===== SUPPLIED MATERIAL
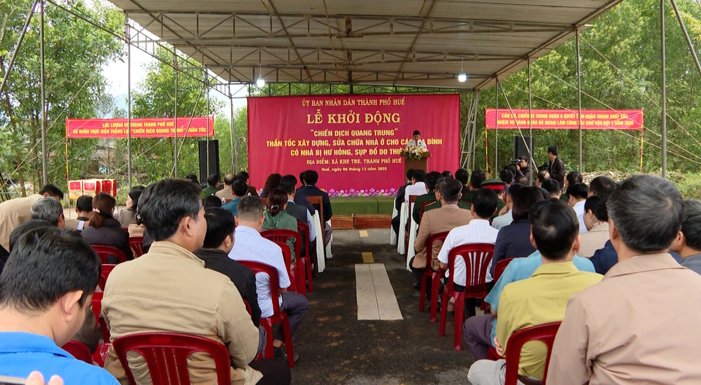 Ngày 6/12, UBND TP. Huế tổ chức lễ khởi động Chiến dịch Quang Trung tại hai xã Khe Tre và Lộc An, nhằm hỗ trợ các gia đình có nhà bị hư hỏng, sập đổ sau các đợt thiên tai vừa qua.
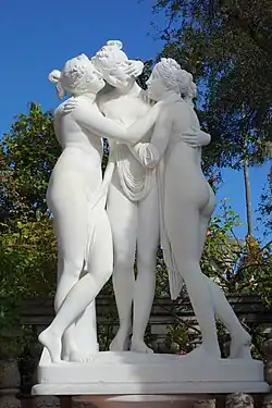 In addition to his classical sculptures, Hearst was content to acquire 19th century versions, or contemporary copies of ancient works; "if we cannot find the right thing in a classic statue we can find a modern one".[96] He was a particular patron of Charles Cassou and also favored the early 19th century Danish sculptor Bertel Thorvaldsen whose Venus Victorious remains at the castle.[96] Both this, and the genuinely classical Athena from the collection of Thomas Hope, were displayed in the Assembly room, along with the Venus Italica by Antonio Canova.[237] Other works by Thorvaldsen include the four large marble medallions in the Assembly room depicting society's virtues.[170] Two 19th century marbles are in the anteroom to the Assembly room, Bacchante, by Frederick William MacMonnies, a copy of his bronze original and Pygmalion and Galatea by Gérôme.[238] A monumental statue of Galatea, attributed to Leopoldo Ansiglioni and dating from around 1882, stands in the center of the pool on the plaza in front of Casa Grande.[239]
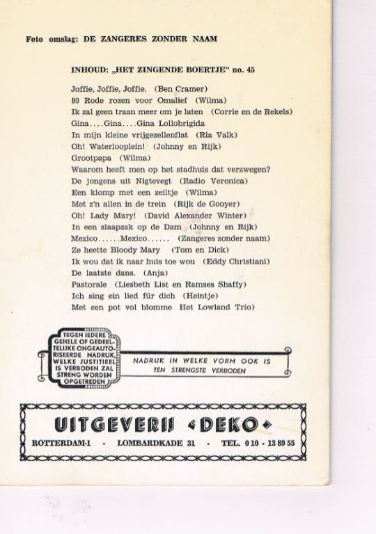 Uitg. Deko. Geschat eind jaren '50/begin jaren '60. Nieuwstaat. Geniet boekje. 16 pagina's. Met vele songteksten uit die tijd. In nieuwstaat zeer zeldzaam. Gewicht 29 gram. Verzendkosten: kan vanaf € 1,82 in de rode brievenbus, maar adviseer voor zekerheid track & trace vanaf € 3,95. Prijs € 14,95.
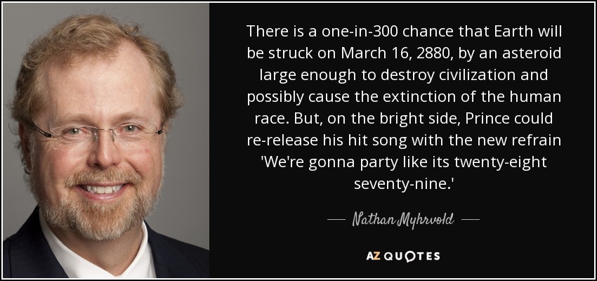 There is a one-in-300 chance that Earth will be struck on March 16, 2880, by an asteroid large enough to destroy civilization and possibly cause the extinction of the human race. But, on the bright side, Prince could re-release his hit song with the new refrain 'We're gonna party like its twenty-eight seventy-nine.'
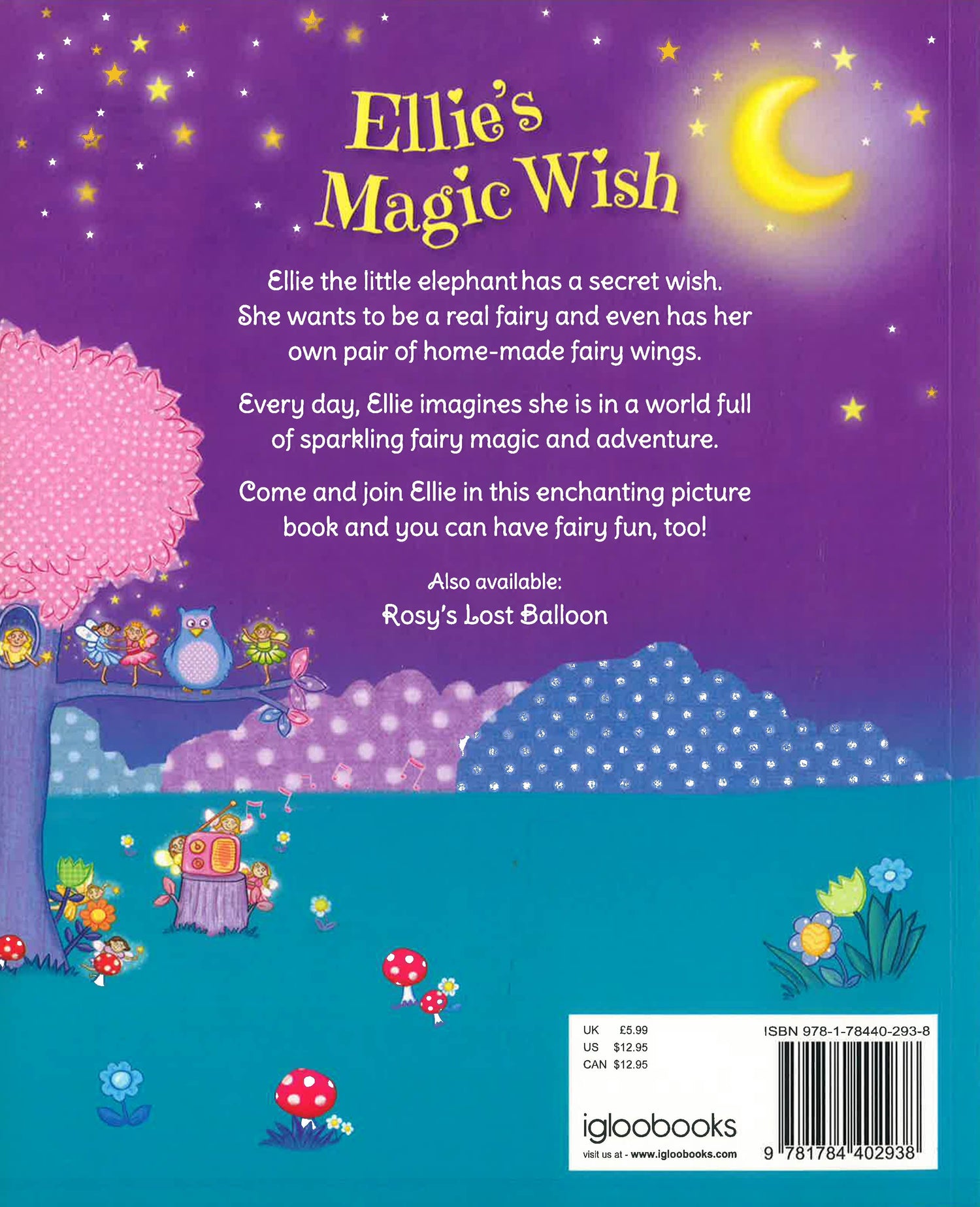 Ellie the little elephant has a secret wish. She wants to be a real fairy and even has her own pair of home-made fairy wings. Every day, Ellie imagines she is in a world full of sparkling fairy magic and adventure. Come and join Ellie in this enchanting picture book and you can have fairy fun,too!
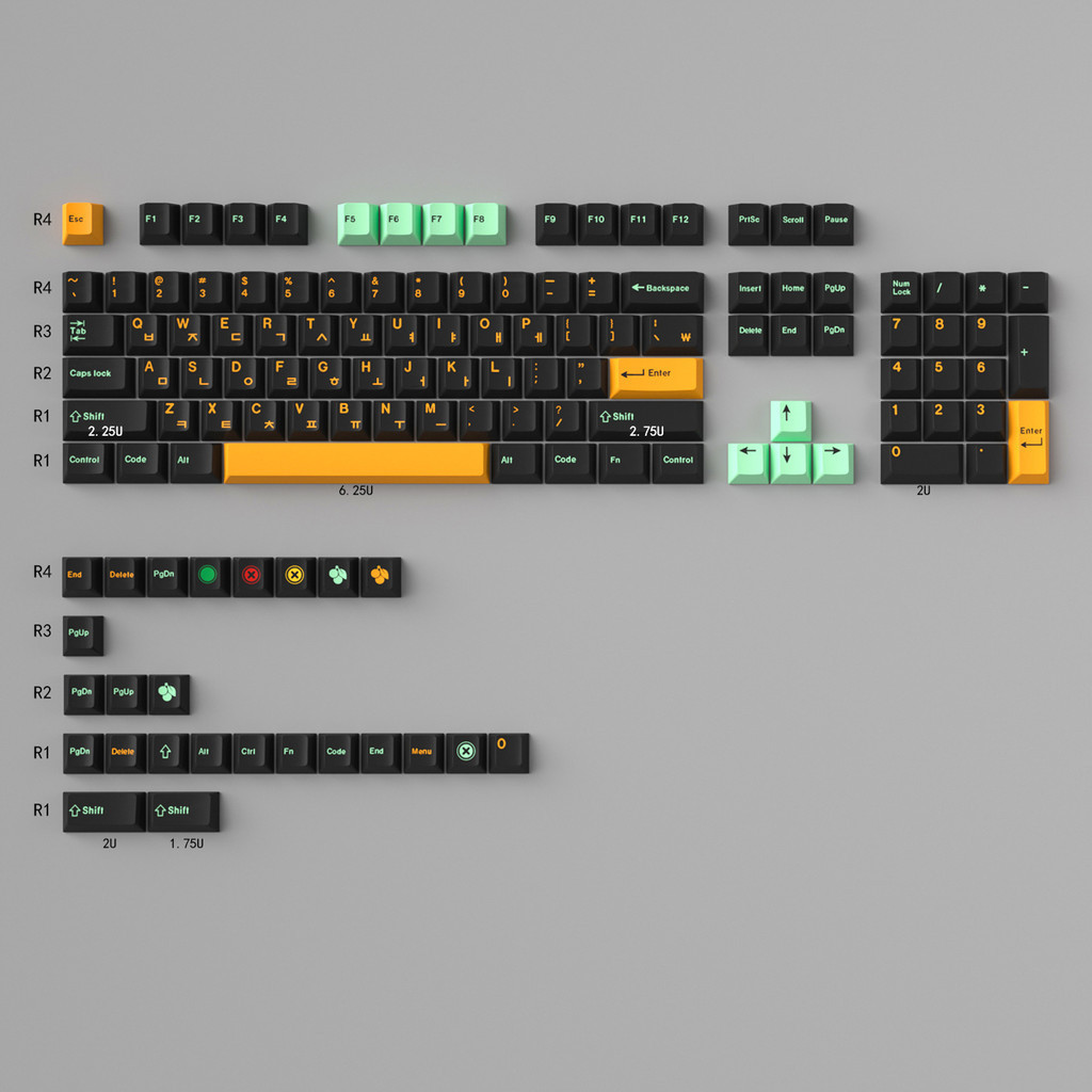 Minimalist Black Keycaps PBT Cherry Profile 1.7mm Thicknees with Japanese Korean stroke for MX Switches Mechanical Keyboard
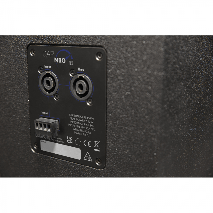 La gama DAP NRG se compone de altavoces ligeros de rango completo con woofers de 8″ a 15″ y subwoofers con controladores de 12″ a 18″, disponibles en versiones pasivas y activas. La gama está diseñada para aplicaciones de DJ móviles o instalaciones permanentes en recintos de tamaño pequeño o mediano. Todos los altavoces de la gama NRG utilizan cajas de madera contrachapada fuertes y ligeras, montajes de mástil de doble ángulo y puntos de anclaje M10 en los altavoces de rango completo, adaptadores M20 en los subwoofers, un revestimiento de poliurea resistente al desgaste de nivel profesional y conectores robustos para ofrecer una calidad de sonido excelente a un precio muy competitivo.
==========
◆ EXERCISE DETAILS ◆
Restate the records word for word, omitting images.

◆ OUTPUT OF THE TASK ◆
 Ngày 6/12, UBND TP. Huế tổ chức lễ khởi động Chiến dịch Quang Trung tại hai xã Khe Tre và Lộc An, nhằm hỗ trợ các gia đình có nhà bị hư hỏng, sập đổ sau các đợt thiên tai vừa qua.
 In addition to his classical sculptures, Hearst was content to acquire 19th century versions, or contemporary copies of ancient works; "if we cannot find the right thing in a classic statue we can find a modern one".[96] He was a particular patron of Charles Cassou and also favored the early 19th century Danish sculptor Bertel Thorvaldsen whose Venus Victorious remains at the castle.[96] Both this, and the genuinely classical Athena from the collection of Thomas Hope, were displayed in the Assembly room, along with the Venus Italica by Antonio Canova.[237] Other works by Thorvaldsen include the four large marble medallions in the Assembly room depicting society's virtues.[170] Two 19th century marbles are in the anteroom to the Assembly room, Bacchante, by Frederick William MacMonnies, a copy of his bronze original and Pygmalion and Galatea by Gérôme.[238] A monumental statue of Galatea, attributed to Leopoldo Ansiglioni and dating from around 1882, stands in the center of the pool on the plaza in front of Casa Grande.[239]
 Uitg. Deko. Geschat eind jaren '50/begin jaren '60. Nieuwstaat. Geniet boekje. 16 pagina's. Met vele songteksten uit die tijd. In nieuwstaat zeer zeldzaam. Gewicht 29 gram. Verzendkosten: kan vanaf € 1,82 in de rode brievenbus, maar adviseer voor zekerheid track & trace vanaf € 3,95. Prijs € 14,95.
 There is a one-in-300 chance that Earth will be struck on March 16, 2880, by an asteroid large enough to destroy civilization and possibly cause the extinction of the human race. But, on the bright side, Prince could re-release his hit song with the new refrain 'We're gonna party like its twenty-eight seventy-nine.'
 Ellie the little elephant has a secret wish. She wants to be a real fairy and even has her own pair of home-made fairy wings. Every day, Ellie imagines she is in a world full of sparkling fairy magic and adventure. Come and join Ellie in this enchanting picture book and you can have fairy fun,too!
 Minimalist Black Keycaps PBT Cherry Profile 1.7mm Thicknees with Japanese Korean stroke for MX Switches Mechanical Keyboard
 La gama DAP NRG se compone de altavoces ligeros de rango completo con woofers de 8″ a 15″ y subwoofers con controladores de 12″ a 18″, disponibles en versiones pasivas y activas. La gama está diseñada para aplicaciones de DJ móviles o instalaciones permanentes en recintos de tamaño pequeño o mediano. Todos los altavoces de la gama NRG utilizan cajas de madera contrachapada fuertes y ligeras, montajes de mástil de doble ángulo y puntos de anclaje M10 en los altavoces de rango completo, adaptadores M20 en los subwoofers, un revestimiento de poliurea resistente al desgaste de nivel profesional y conectores robustos para ofrecer una calidad de sonido excelente a un precio muy competitivo.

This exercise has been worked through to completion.